Figure TEXT‐FIG. 2..

 Marine rock outcrop area for Western Europe plotted against geological time. A, raw data and trend line (nine-point moving average). B, residuals with the ten major sequence cycles numbered. Abbreviations as in Text-figure 1.

Such detrended rock record plots thus give a simple and independent means of defining the major (second order) sequences through the Phanerozoic of Western Europe, with minimum rock outcrop areas defining system bases and maximum rock outcrop areas maximum flooding surfaces. These cycles, though appearing regular, are not strictly periodic and spectral analyses of the marine rock outcrop record fail to pick out a strong signal, the only marginally significant peak being at 38·6 myr (Text-fig. 3). Thus, sea-level variation is best described as oscillatory rather than strictly cyclical.

Figure TEXT‐FIG. 3..

 Spectral analysis of the area of European marine rock at outcrop time series using the Lomb-Scargle fourier transform from PAST (Hammer et al. 2001).

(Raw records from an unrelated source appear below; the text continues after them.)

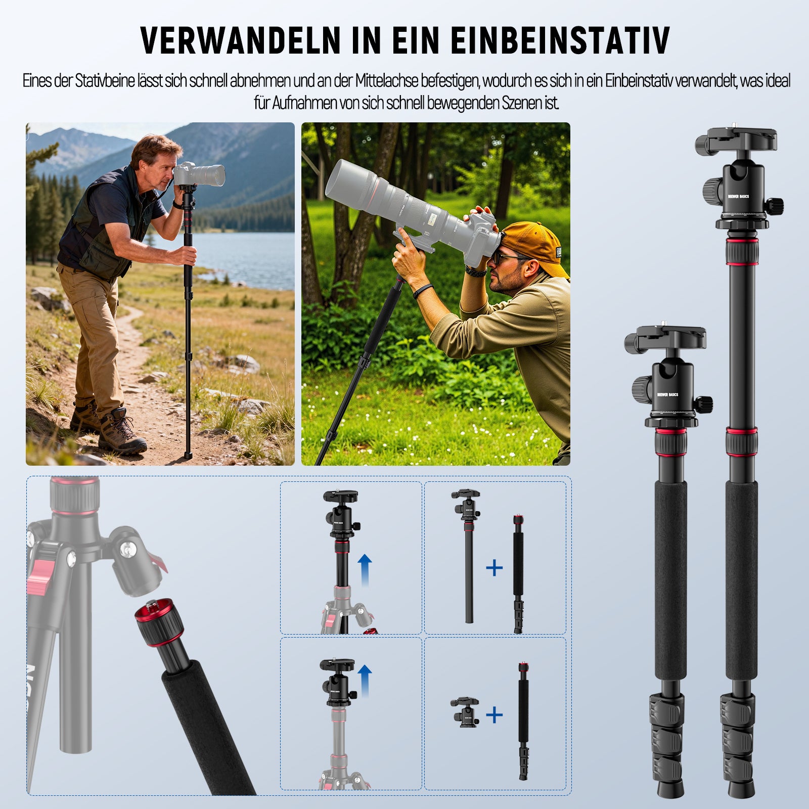 - Transform into a Monopod- One of the tripod leg tubes can be quickly disassembled and connected with the central axis to transform into a monopod, great for capturing quick, moving situations, versatile as a trekking pole during your hikes. The height of the monopod is adjustable from 31.5"/80 cm to 74.4"/189 cm. Ideal tri pod stand with phone holder attachment compatible with iPhone for content creator essential photography videography accessories, influencer must have camera creation gear
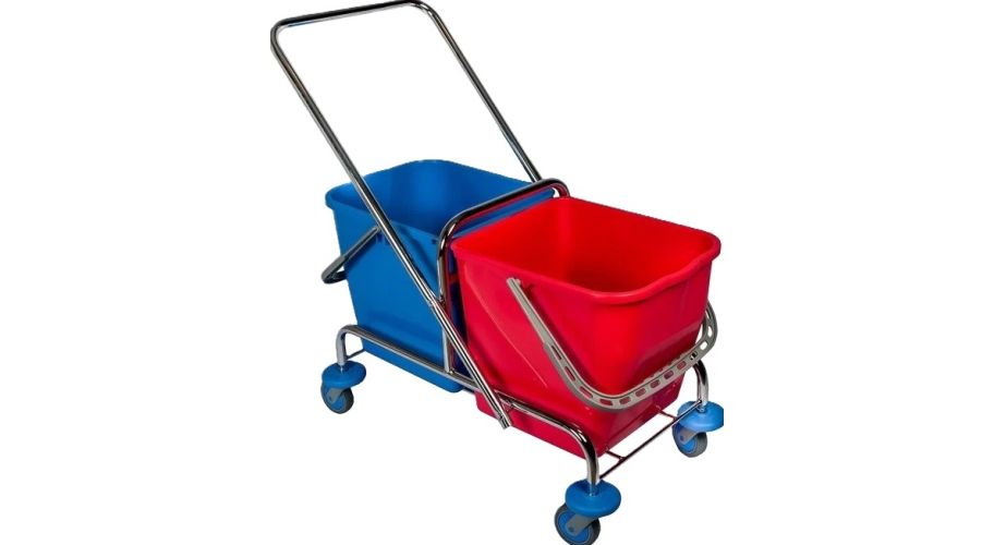 De rolemmer is uitgerust met een ergonomische duwbeugel en soepel rollende wielen, waardoor deze eenvoudig te verplaatsen is, zelfs wanneer beide emmers volledig gevuld zijn. Dit maakt het systeem bijzonder geschikt voor gebruik in grotere ruimtes zoals scholen, zorginstellingen, kantoren en horecagelegenheden. De stabiele constructie voorkomt kantelen tijdens het verplaatsen, terwijl de open structuur het wisselen van emmers snel en eenvoudig maakt.
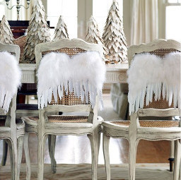 Stoelen kun je ook decoreren: hang aan de achterkant een mooie strik of kleed ze voor de gelegenheid aan met een andere stoelhoes. Met wat lint, stof, wintergroen, dennenappeltjes en versiering in de kleuren van je kerstboomversiering maak je je kerststoel helemaal af. Ook leuk voor een sneeuwwit thema: engelenvleugeltjes aan de rug van je stoel. Het belangrijkste is natuurlijk dat je met de versieringen wel lekker kunt zitten.
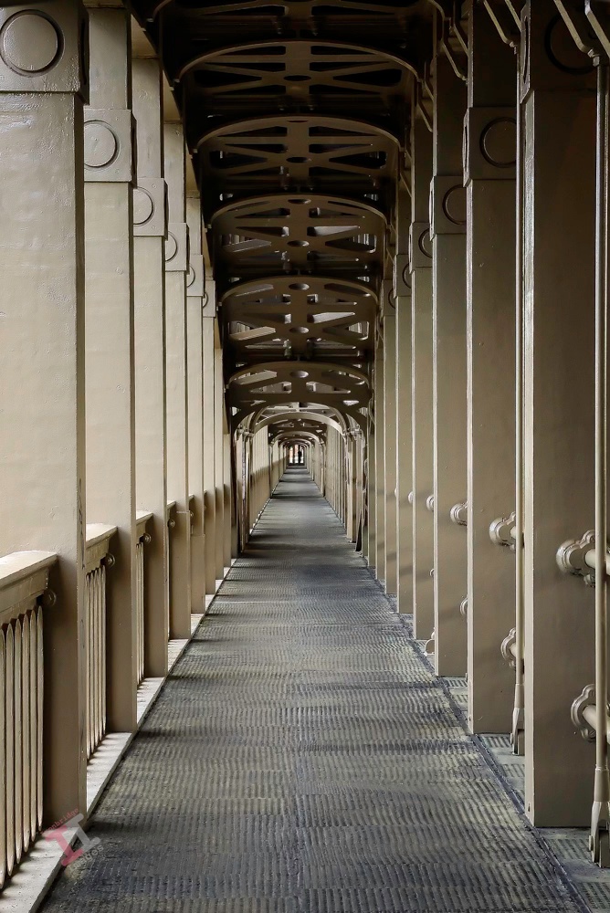 The High Level Bridge over the river Tyne at Newcastle taken during our honeymoon week back in 2008. It was our first visit to the city and my brother-in-law took us for a whistle-stop tour, which included crossing the river on this iconic bridge. I happened to look back and took this shot which highlights the perspective, with the repeating arches and columns receding down the passageway. I can’t remember now whether the lone figure at the end was a lucky coincidence or the result of patience and timing.
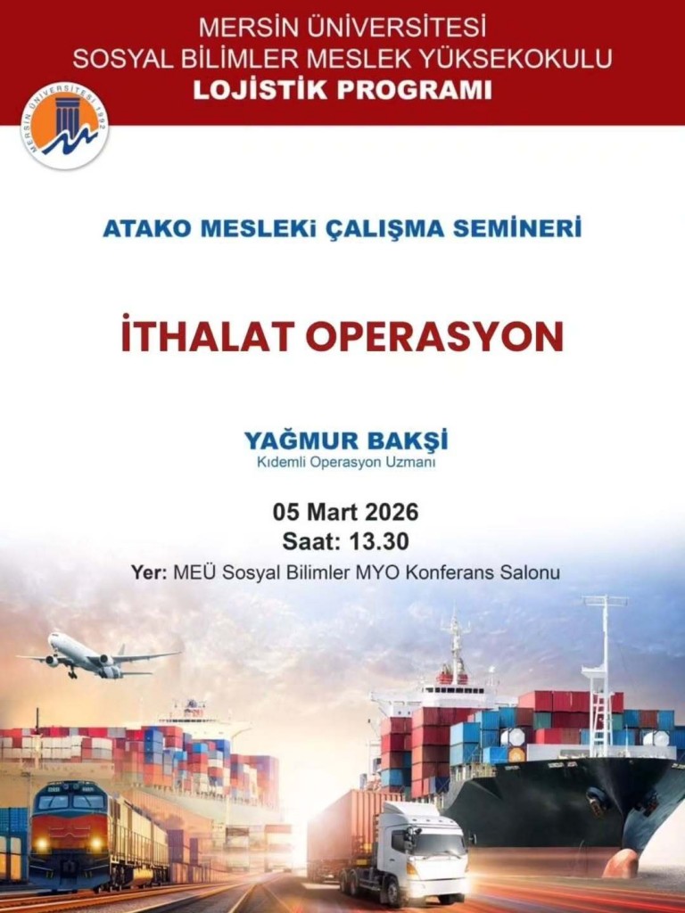 Mersin Üniversitesi Sosyal Bilimler Meslek Yüksekokulu Lojistik Programı tarafından düzenlenen ATAKO Mesleki Çalışma Semineri kapsamında öğrenciler sektör temsilcileriyle bir araya geldi. Etkinlik, Lojistik Programı öğretim elemanları Öğr. Gör. Erdem Daşçı ve Öğr. Gör. Dr. Gül Ferhande Canpolat’ın koordinasyonunda gerçekleştirildi.
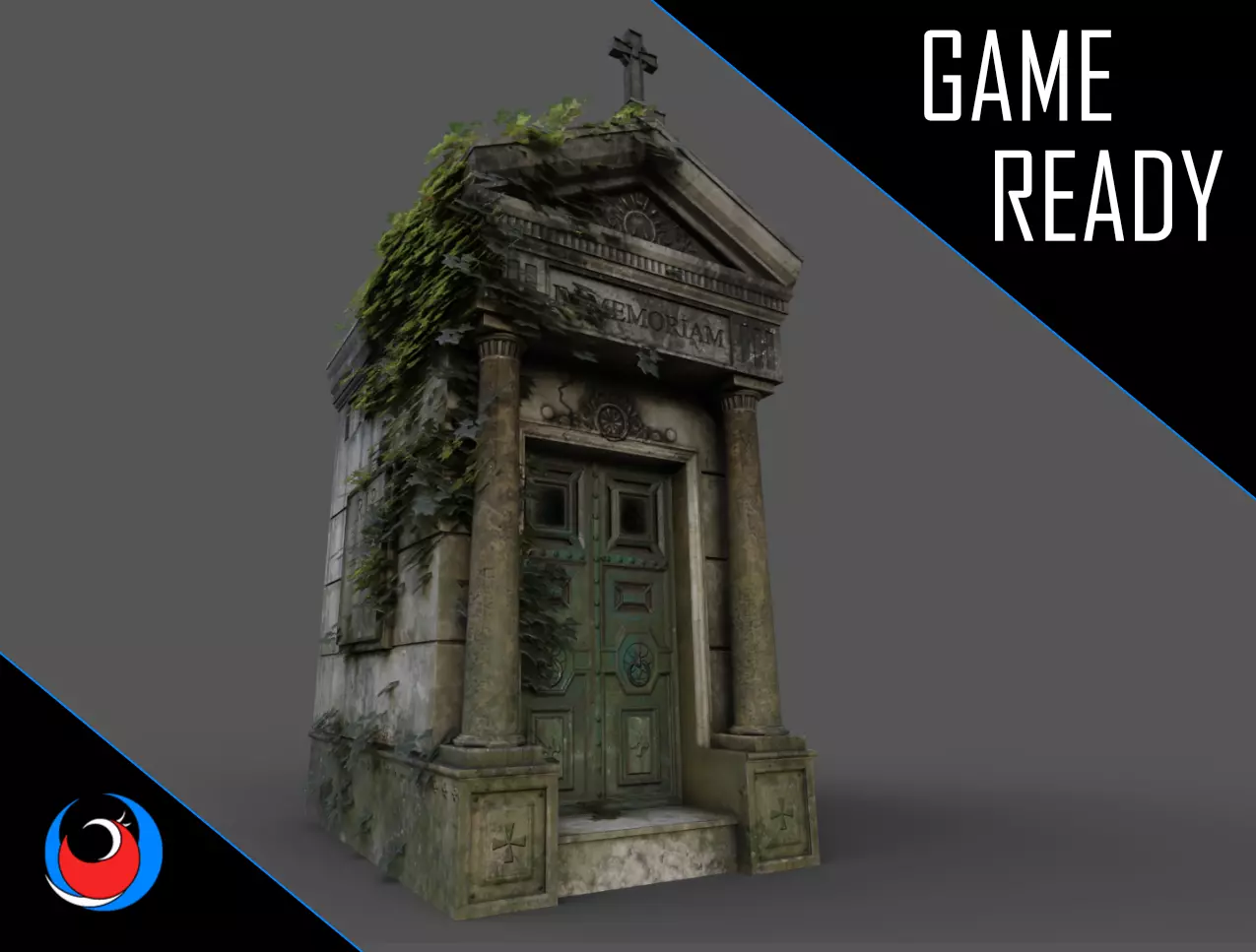 • 1 metal-roughness PBR material for Mausoleum and 1 PBR material for ivy leaves.
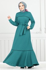 Biye Detaylı Kışlık Elbise 4025PM1063-M Petrol
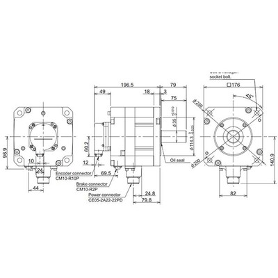 O motor opera em uma classe de tensão de 200Vac, com uma corrente nominal de 6.8A. Ele oferece um torque nominal de 6.4Nm e um torque de parada de 13.7Nm, com uma velocidade nominal de rotação de 3000rpm. O design inclui montagem em flange de 176x176mm, grau de proteção IP67 e é classificado para operação em temperaturas ambientes de 0 a 40°C.
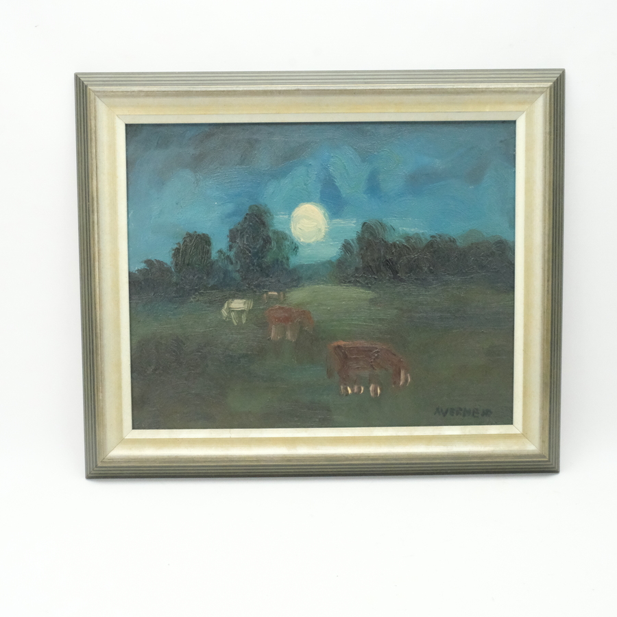 Schilderij, olieverf op doek. Paarden in het licht van de maan. Linksonder gesigneerd Alfons Vermeir (Baasrode (België) 1905-1994)
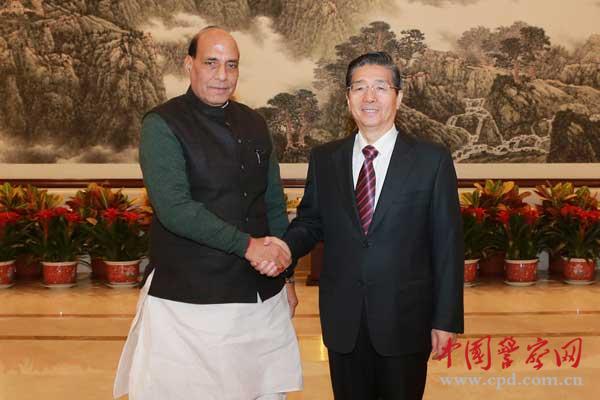 郭声琨表示,中印是世界上两个最大的发展中国家,中印合作关乎地区和世界和平发展。近年来,两国领导人密切往来,就进一步提升中印关系达成重要共识,为双方执法安全合作指明了方向。李克强总理今天与你会见,对两国执法安全合作提出了殷切期望。中国公安部愿与印度内政部携手努力,按照两国领导人的战略规划,建立高级别会晤机制,加强各层级交流,务实推进执法安全合作,不断充实中印战略合作伙伴关系内涵。
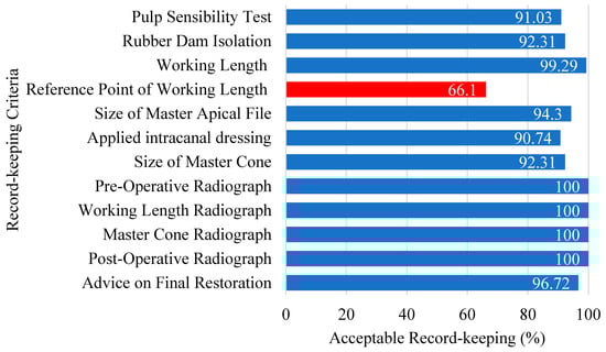 The coronal reference point of the working length was the most frequently omitted criterion in record-keeping. Inadequate documentation of this crucial reference point may lead to the loss of vital information, potentially resulting in underfilling or overfilling of the root canal, thus compromising the QRCT and leading to unsatisfactory endodontic outcomes. However, the absence of a recorded coronal reference point did not significantly correlate with unacceptable extension. This suggests that the omission of documentation does not necessarily reflect a neglect of the concept and application of the coronal reference point by predoctoral students during clinical practice. Pourasghar et al. proposed that the omission of information in medical records may arise from students or clinicians prioritizing certain treatment steps over others, potentially at the expense of documentation completeness [39].
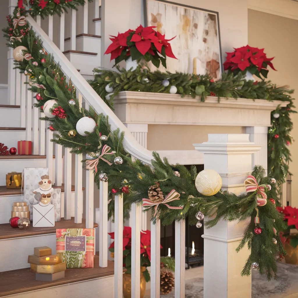 A festive Christmas display featuring evergreen garlands adorned with red poinsettias, ornaments, pinecones, and ribbons. The staircase railing is draped with lush greenery punctuated by sparkling baubles and pops of red, white, and metallic accents. Below, a fireplace mantel showcases poinsettia plants and a garland swag, complemented by candles and holiday decor in shades of red, white, and natural wood tones. Overall, the scene exudes a warm, traditional Christmas aesthetic with rustic and contemporary elements. Natural materials like evergreen boughs, pinecones, and ribbons lend a cozy, rustic touch, while metallic accents and crisp white surfaces provide a fresh, modern contrast. The vibrant red poinsettias act as striking focal points against the neutral background, creating a festive and inviting holiday ambiance.
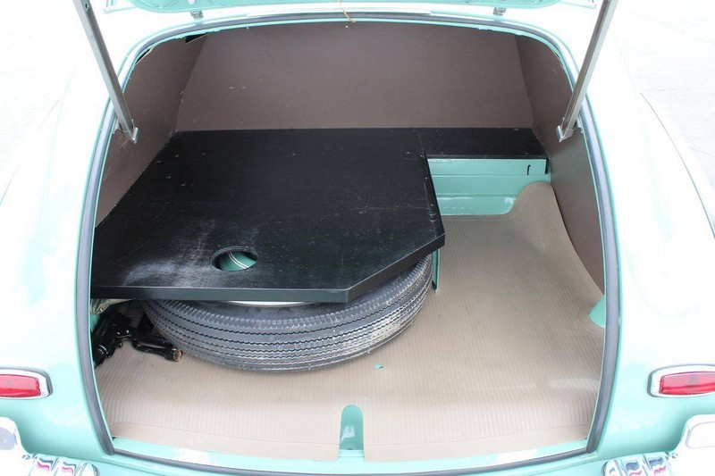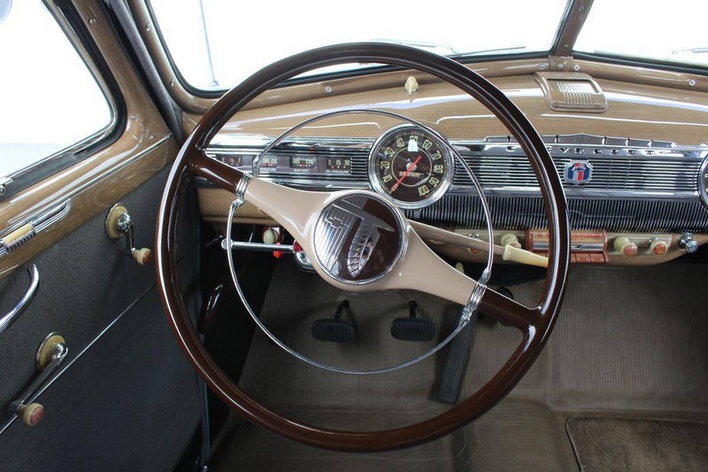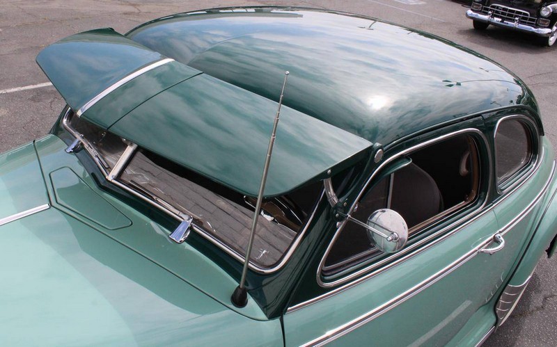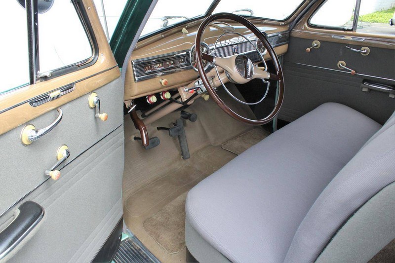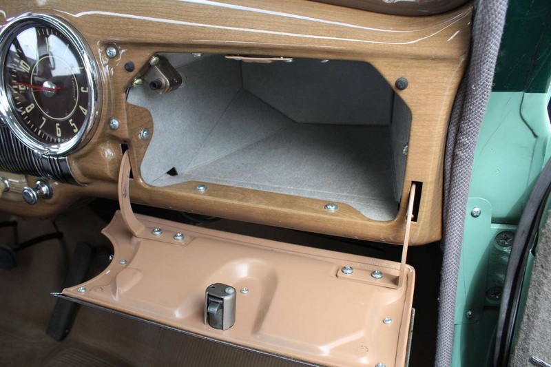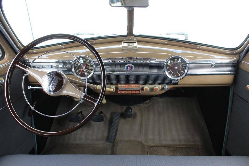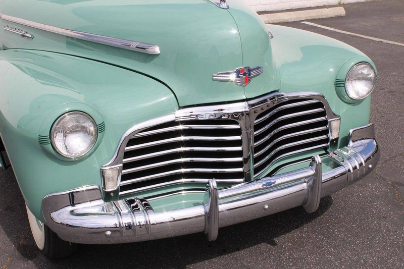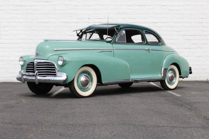 This 1942 Fleetmaster has undergone a comprehensive frame-off restoration. The body was stripped down to bare metal and painted a two-tone combination of Seafoam and Volunteer green, while the interior was completely redone in mohair and features the numerous accessories that were part of the Special Deluxe option package which include a deluxe steering wheel with horn ring, AM radio, heater, and clock, which is specific to the Special Deluxe. Additionally, this Special Deluxe is equipped with an accessory under seat heater as well. The original 216-cubic-inch inline 6-cylinder engine was completely rebuilt to factory specifications and is mated to a 3-speed manual synchromesh transmission, both of which work wonderfully. The 216 straight 6 runs like a top and is extremely quiet while the three-on-the-tree shifts super smoothly. The coupe rides on color-matched steel wheels with chrome trim rings and hubcaps wrapped in wide whitewall tires while other exterior features include an external sunshade and bumper guards. This green-on-green 1942 Fleetmaster is one the last Chevrolets built before production was suspended for wartime and comes with an extensive collection of restoration photos along with documentation of the work required to return the coupe to its original 1942 condition and it has completed just under 1,400 miles since restoration.
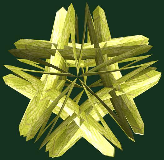 | Keywords: mathematica 3d cg parametricplot3d texture torus code program algorithm プログラム コード アルゴリズム 輪環 りんかん ドーナツ どーなつ 八芒星 はちぼうせい geometric sculpture geometricsculpture shape geometry sculpture mapping テクスチャ マッピング 模様 もよう abstract 抽象 ちゅうしょう アブストラクト design pattern デザイン パターン graphic グラフィック グラフィクス structure 意匠 構造 symmetry 対称性 たいしょうせい シンメトリー 対称 たいしょう organic pattern black background outdoor serene a = 4; (* center hole size *) b = 8; (* octa-torus *) c = -10; (* distance from the center of rotation *) d = 5; (* number of torus *) h = 5; (* height of a torus *) SetOptions[ParametricPlot3D, PlotRange -> Full, Mesh -> None, Boxed -> False, Axes -> False, PlotPoints -> 400, ImageSize -> 3000, Background -> RGBColor[{20, 50, 30}/255], PlotStyle -> Directive[Specularity[White, 30], Texture[Import["D:/tmp/71.jpg"]]], TextureCoordinateFunction -> ({#4, #5 Pi} &), Lighting -> "Neutral"]; f[v_] := TriangleWave[{-1, 1}, v/(2 Pi)]; g[v_] := TriangleWave[{-1, 1}, v/(2 Pi) + 1/4]; x = (a - g[t] - f[b s]) Cos[s + Pi/(2 b)]; y = (a - g[t] - f[b s]) Sin[s + Pi/(2 b)]; z = (a - f[t] - h f[b s]) + c; rm = Table[{x, y, z}.RotationMatrix[2 i Pi/d, {1, 1, 0}], {i, d}]; ParametricPlot3D[rm, {t, 0, 2 Pi}, {s, 0, Pi}] (*--- The Texture *) a = 4; (* center hole size *) b = 8; (* octa-torus *) c = -10; (* distance from the center of rotation *) d = 5; (* number of torus *) h = 5; (* height of a torus *) SetOptions[ParametricPlot3D, PlotRange -> Full, Mesh -> None, Boxed -> False, Axes -> False, PlotPoints -> 400, ImageSize -> 3000, Background -> RGBColor[{20, 50, 30}/255], PlotStyle -> Directive[Specularity[White, 30], Texture[Import["D:/tmp/71.jpg"]]], TextureCoordinateFunction -> ({#4, #5 Pi} &), Lighting -> "Neutral"]; f[v_] := TriangleWave[{-1, 1}, v/(2 Pi)]; g[v_] := TriangleWave[{-1, 1}, v/(2 Pi) + 1/4]; x = (a - g[t] - f[b s]) Cos[s + Pi/(2 b)]; y = (a - g[t] - f[b s]) Sin[s + Pi/(2 b)]; z = (a - f[t] - h f[b s]) + c; rm = Table[{x, y, z}.RotationMatrix[2 i Pi/d, {1, 1, 0}], {i, d}]; ParametricPlot3D[rm, {t, 0, 2 Pi}, {s, 0, Pi}] (*--- The Texture *) |
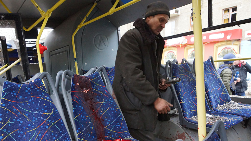 Из заявления СБ ООН: «Члены Совета безопасности ООН самым решительным образом осудили убийство 15 и ранения более 20 гражданских лиц, в том числе женщин и детей, в результате обстрела остановки общественного транспорта в Донецке 22 января».

The shape of the long-term Phanerozoic diversity curve after correcting for rock outcrop area bias

Maximum and minimum estimates of sampled marine diversity through the Phanerozoic, derived from counts of the number of genera, are shown in Text-figure 4 together with the amount of marine rock at outcrop in Western Europe. To remove potential bias created by variation that exists in the amount of rock representing different times we have to collect from, we first modelled what a sampled diversity curve would look like if it were perfectly predicted by rock outcrop area in Western Europe (see ‘Methods’) and diversity were constant over time. This generated a partial fit (Text-fig. 5A), but markedly underestimates sampled diversity in the Permian and Cenozoic while overestimating diversity in the Jurassic. Bivariate correlation of the model prediction against sampled diversity produces only a very low and non-significant level of correspondence (r2 = 0·04).

Figure TEXT‐FIG. 4..

 Marine rock outcrop area for Western Europe plotted against minimum and maximum estimated marine genus diversity (from Sepkoski 2002). Eu M, marine sedimentary rock outcrop area for Western Europe; Max Div, maximum estimated sampled genus diversity; Min Div, minimum estimated sampled genus diversity; other abbreviations as in Text-figure 1.

Figure TEXT‐FIG. 5..

  A, maximum sampled Phanerozoic marine genus diversity (‘observed’) compared with predicted diversity based on marine sediment outcrop area with uniform diversity through time (‘predicted’). B, residuals remaining after removing predicted diversity model curve from observed diversity curve. Open circles represent time intervals where rock outcrop area falls to less than 1 per cent and which are omitted from the linear fit calculation (NB, the Lower Triassic point lies off the scale and is not shown). C, maximum sampled Phanerozoic marine genus diversity (‘observed’) compared with predicted diversity based on marine sediment outcrop area incorporating the three-phase diversification model derived from B. D, residuals after removing the predicted three-phase diversity model curve from observed diversity curve. Horizontal axis, time; EP, Early Permian; MP, Middle Permian; Nor, Norian; other abbreviations as in Text-figure 1.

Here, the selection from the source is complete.